Menurut Ustaz Bachtiar Nasir, rumah tangga bisa menjadi permulaan surga di dunia dan bisa pula menjadi permulaaan neraka bagi pelakunya di dunia. Kedua kondisi tersebut adalah hasil karya pasangan suami istri, bukan semata-mata karena salah satunya dan bukan pula semata-mata karena orang ketiga.
Ustaz Bachtiar menyebutkan, pokok pangkal persoalannya adalah karena dicerabutnya dua fondasi kebahagiaan rumah tangga ‘mawaddah (daya rasa cinta suci kepada pasangan) dan rahmah (daya rasa kasih kepada seisi rumah)’ oleh Allah al-Waduud (QS ar-Rum [30]:21).
Maknanya, hanya Allah yang dapat mengembalikan kedua fondasi tersebut sehingga kebahagiaan rumah tangga kembali lagi. Caranya adalah rida/menerima takdir Allah bahwa musibah yang menimpa rumah tangga saat ini adalah akibat kesalahan kita sendiri bukan karena pasangan semata-mata.
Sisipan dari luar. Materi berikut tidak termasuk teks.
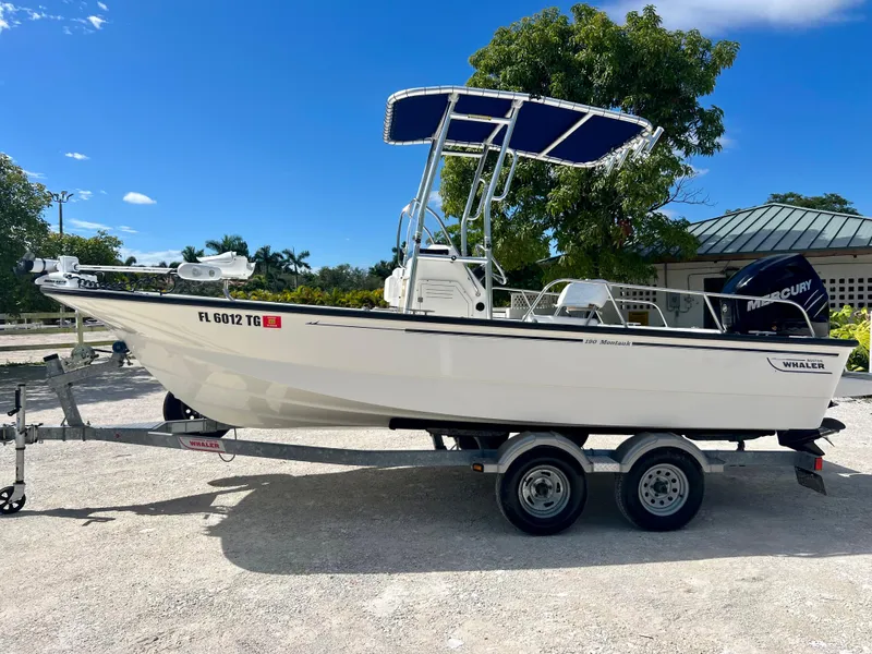 1-Owner 2013 Boston Whaler 190 Montauk with a 2013 Mercury 150 HP four stroke on a factory 2013 trailer.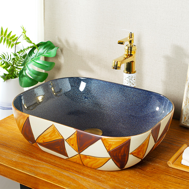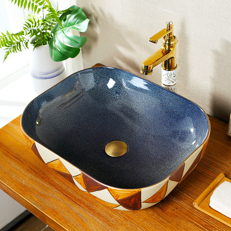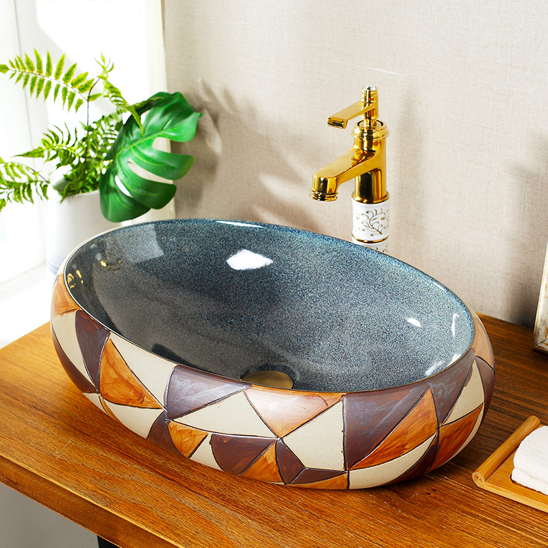 Countertop basin ceramic washbasin square Chinese art basin creative oval washbasin home wash basin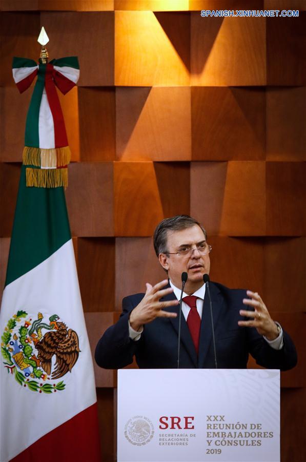 Marcelo Ebrard Casaubón, secretario de Relaciones Exteriores de México, pronuncia un discurso durante la ceremonia de inauguración de la XXX Reunión Anual de Embajadores y Consules en la Ciudad de México, capital de México, el 7 de enero de 2019. De acuerdo con información de la prensa local, Marcelo Ebrard Casaubón pidió a la diplomacia mexicana a redise?ar la política exterior, además de no intervenir en la diplomacia entre países y el respeto entre las naciones. (Xinhua/Francisco Ca?edo)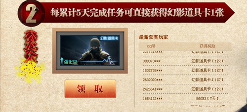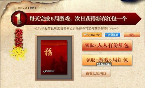 CF玩家只需要登录活动页面,即可领取新春包一个,人人有份。同时每天在任一个大区完成6局游戏,次日即可领取新春红包一个,而开通CFVIP或者蓝钻的用户每天完成游戏任务外可额外领取新春红包一个,相当给力。每累积五天完成6局游戏任务的玩家还可额外获得挑战模式专用道具”幻影道具卡“一张。
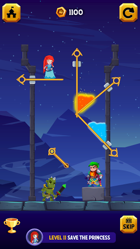 Hero Rescue: Pull the Pin-How to Loot Game is the latest and most addictive puzzle game, where the challenge is to rescue the princess by using your best moves and strategies to pull the pin and manage water and lava fire efficiently to kill the demons enemies, and rescue the princess as well as collect the treasure coins, which you can use to build your own great kingdoms.
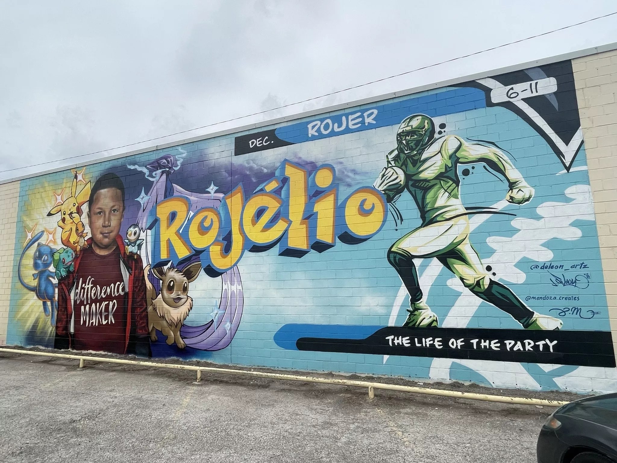 Rojelio Torres’ mural has his name spelled in Pokemon-style lettering with Pikachu and other characters crowding around the 10-year-old’s portrait. The painting of Tess Marie Mata, also 10, shows her giving a peace sign and surrounded by images pointing to her love of softball and the Houston Astros.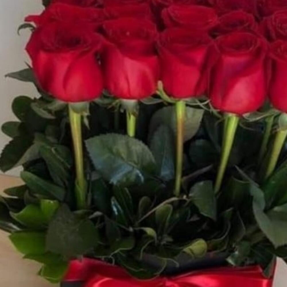 современное и роскошное оформление с яркими красными розами, помещёнными в изящную квадратную чёрную коробку, перевязанную подходящей красной лентой. Этот контрастный дизайн превращает традиционный букет в изысканный подарок.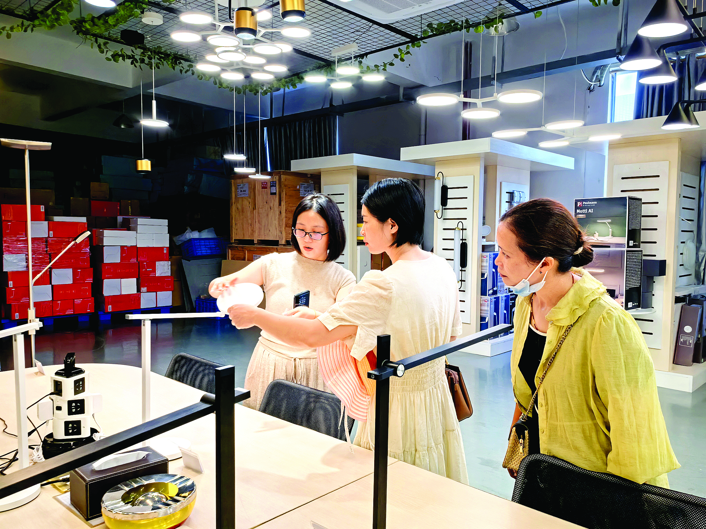 市民走進“沃生照明”了解各種照明產(chǎn)品。 惠州日報記者邱舒婷 通訊員葉慧霓 攝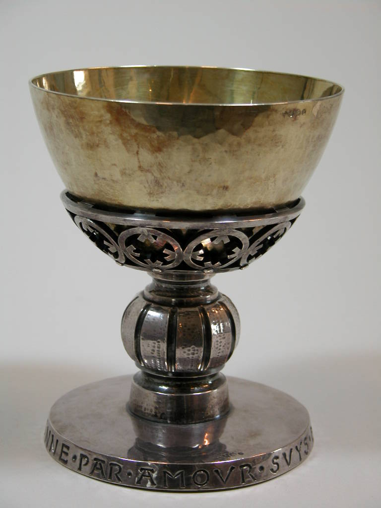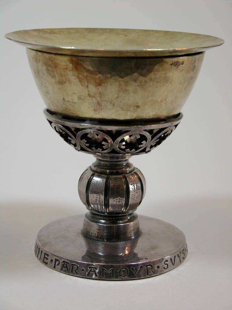 Kelk met 'Suis donne par amour' (twee maal) op voet met tegencuppa en goudkleurige cuppa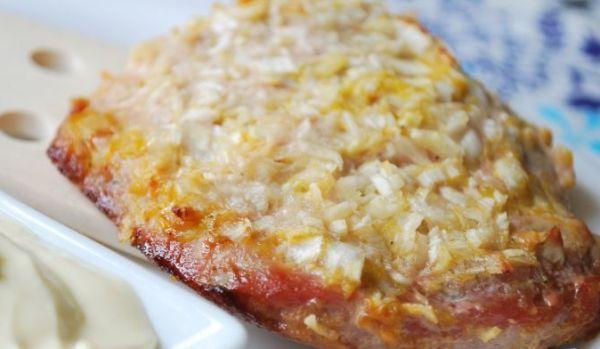 Pregatim un bol in care punem uleiul. Adaugam 2 lingurite cu mustar si amestecam pana la omogenizare. Condimentam cotletele de porc cu sare si piper, pe ambele parti. Ungem carnea de porc cu amestecul de ulei si mustar, tot pe ambele parti. Presaram deasupra fiecarei bucati de carne amestecul de ceapa si usturoi, de data aceasta pe o singura parte. Apasam usor, astfel incat sa se formeze un fel de crusta. Pregatim o tava pentru cuptor in care aranjam cotletele de porc. Introducem tava in cuptorul incalzit la 230 de grade pentru aproximativ 35-40 de minute. Pregatim sosul – punem cele 2 lingurite cu mustar ramase peste smantana fermentata. Condimentam cu praf de curry sau boia de ardei si sare. Amestecam bine, pana cand obtinem un sos fin si omogen. Cand cotletele de porc sunt rumenite la baza, iar ceapa usor caramelizata, scoatem tava cu friptura din cuptor. Servim cotletele calde, cu sosul de smantana si mustar.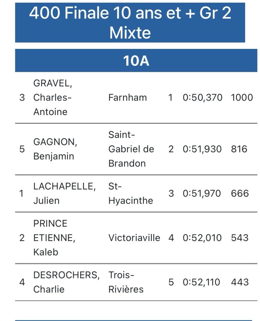 Par ailleurs, la performance du jour est revenue à Oïlhan Mercier-Annecou chez les 10 ans et plus groupe 1. Malgré quelques difficultés lors des qualifications, le patineur de 13 ans a fait une fière démonstration de sa vitesse et a facilement atteint les standards de temps pour monter au niveau Interrégional.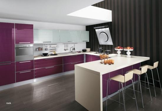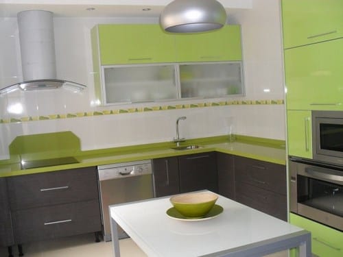 Sin embargo, si te decantas por un estilo contemporáneo y moderno puedes poner los muebles de colores intensos como el lavanda o verde y encimera de cuarzo blanca. El comedor podría ser con mesa de cristal y sillas blancas o mesa blanca y sillas de color verde o morado a juego con los muebles elegidos. Si te gusta este estilo, podrías incluso combinar con el blanco colores como el negro y el amarillo intenso.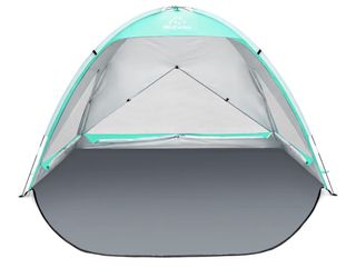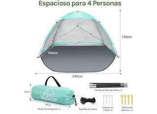 Refugio de playa Wolfwise con protección UV y bolsa de transporte. Ideal para la playa. - 3 ventanas de ventilación. - Tienda de campaña con suelo extensible para privacidad. - Capacidad para 4 personas. - Color verde menta.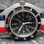 The original steel navigator was produced in the 1980s and features a dial and hand set with tritium pigmented indices.  In 1990, the US Government began requiring that radioactive tritium be encapsulated within small glass tubes for safety as well as the fact that doing so provided a self-illuminating light source.  The resulting steel Navigator watch was issued to US Military pilots and Navigators during the first Gulf War era.  These watches featured a Rhonda movement which has now been discontinued.  In 1999, a small batch of steel Navigators was reissued with an improved movement and orange tritium marker at the 12 position.  These can be easily identified with a small crown as well.  Windy City Watch Collector marketed and sold these on our website.  We recommended them to Military Watch Collectors.  Those steel Navigator reissue watches are now collectible and have appreciated quite a bit in value.
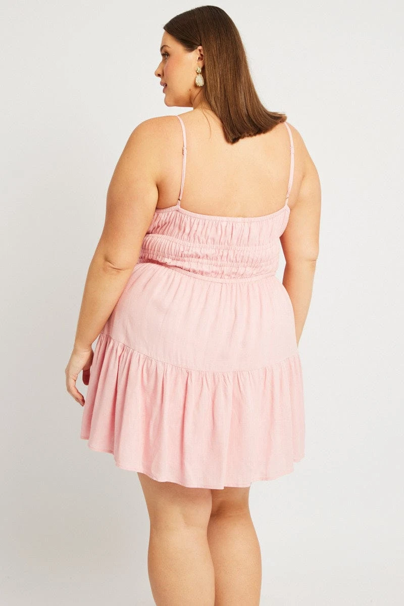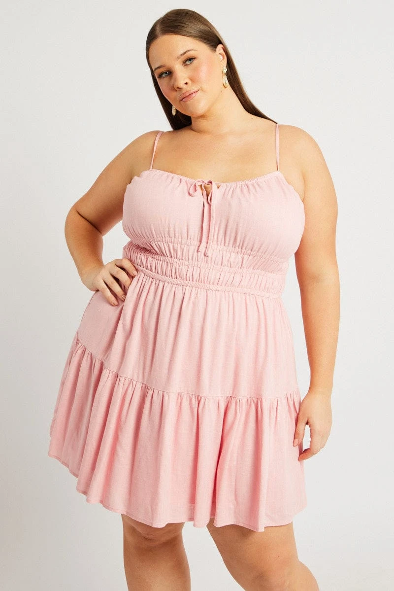 Be the first to review “Pink Strappy Frill Hem Linen Blend Minidress” Cancel reply

Setelah itu bertobatlah dengan beristighfar dan memasrahkan serta memercayakan segala urusan dalam kendali Allah.
Allah berfirman, Dan apa saja musibah yang menimpa kamu adalah disebabkan oleh perbuatan tanganmu sendiri, dan Allah memaafkan sebagian besar (dari kesalahan-kesalahanmu).” (QS asy-Syura [42]:30). Ingat, musibah yang menimpa saat ini hanya sebagian kecil dari jumlah kesalahan yang dilakukan, dan ketahuilah bahwa sebagian besarnya sudah dimaafkan Allah.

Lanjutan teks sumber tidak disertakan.